退魔の剣、これよりその一端を、彼らは知る。
◆
「ぐ、ぐえええええ!」
ここにもまた、弱り果て、嘆くカイルの姿があった。
確かに今回の訓練、間近に本職の騎士を知れるまたとない機会である。だが、相手は教師ではない。当然手など抜けるはずもなく——
「地獄かよ!!」
ここにもまた、不満をぶちまける騎士学生が一人。
ヴァン・ガウニール。名門御三家の彼もこのツアーに参加していたのだが。
「俺たちをどんだけ走らさせりゃ気が済むんだァ!」
現役の騎士、ソロルの鬼の如きしごきに精神をやられていた。
終わらない剣闘、終わらない走り込み。
これが地獄か、と思わず二人は顔を見合わせる。
「ヴァンもそう思うよね!?」
「カイルもそう思うかぁ!」
相手は教師ではない。
はなから教え導くことを目標にしていないのだ。
王宮騎士団という選ばれし者だけが集う集合体の『常識』を『体験』させているだけ。
「あらあら、若いっていいわねえ」
そんな様子を隅から見ながら、けらけらと笑う女王クラウディア。この女王、いい性格をしている。というか本人も充分若いだろ、というツッコミはさておき。

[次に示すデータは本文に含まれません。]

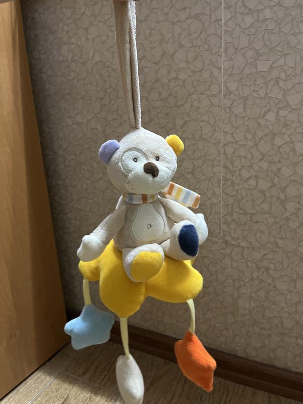 Дуже гарна та якісна іграшка. Привідтягуванні мотузки грає заспокійлива музика для сну.

「そろそろあなたも出てみては? うずうずして仕方ないでしょう、貴方なら」
「では、陛下のお言葉に甘えて」
脇で一部始終を見ていたアルス・ランフォードも苦笑しながら剣を抜き、その輪に入っていく。
見据えるは頂点、ならばここなど経過点でしかない。
◆
「ふは、今回も惜しいところまではいったな。冷や冷やさせてくれる」
「……ん、かっは」
嗤うソロルに、項垂れるファルニウス。
現役の騎士にたかだか学生がここまでやれているだけで凄いのだが、負けを知らぬ天才からしてみれば屈辱でしかない。
「……見てて面白いのか、アルス」
「はっ、当たり前だ」
「クソが」
睨みを効かせながらファルニウスは走り込みへと移ってゆく。
彼に代わるは、アルス・ランフォード。
努力一つで成り上がった、凡の剣、である。
「ふは、またいい目つきをした者がやってきたものだ。今年は豊作だなあ!」
ソロル・サンスロスは盛大に笑いながら、挑戦者を迎え撃つ。
心根一つ、何処まで行ける。
両者、剣を抜き——
「よろしくお願いします!」
「うむ、さあかかって来なさい!」
まずはアルスが刹那の横薙ぎを喰らわせた。
それを鼻を鳴らしながら受けきるソロル。この程度、魔物に比べれば造作もない。
「筋はいい、『本職』のような鋭さもある。だが惜しい。力、速さ、全て凡の域を出ない」
「……そんなことッ」
そんなこと、わかっている。
どこまでいっても己は凡人。
所詮、天井には辿り着けない、努力という欺瞞で塗り固められた自分というぼろぼろの虚像。
それがどうした。
才能など、この手でいくらでも捩じ伏せてみせる。
「があっ」
しかし、足りない。何もかもが。
本職の騎士の前には、すべて無に帰す。
才能でも、経験でも上回られた自分に何が残る?
答えは何も、
「期待外れか」
残らない、である。
ほんの一太刀、刹那のカウンターにて、虚像が崩れ去る。
「……精進します」
アルスは歯を食いしばり、屈辱に耐えながらその場を後にした。
足りない。ならば喰らうのみ。
アルスはソロルの姿を食い入るように見つめながら訓練場の外周を走り込む。
「……心意気はよし」
ソロルはその様子を視界に入れながら、次の挑戦者を待つ。
◆
「雑魚がァ」
「彼が怖いのはここから、でしょう?」
「…………」
訓練場の隅も隅。
ローグ・オーディンと女王クラウディアは語らう。
お互い、視界に入れるはアルス・ランフォード。
無様に敗れ、走り込む彼の姿をクラウディアは微笑みながら見つめる。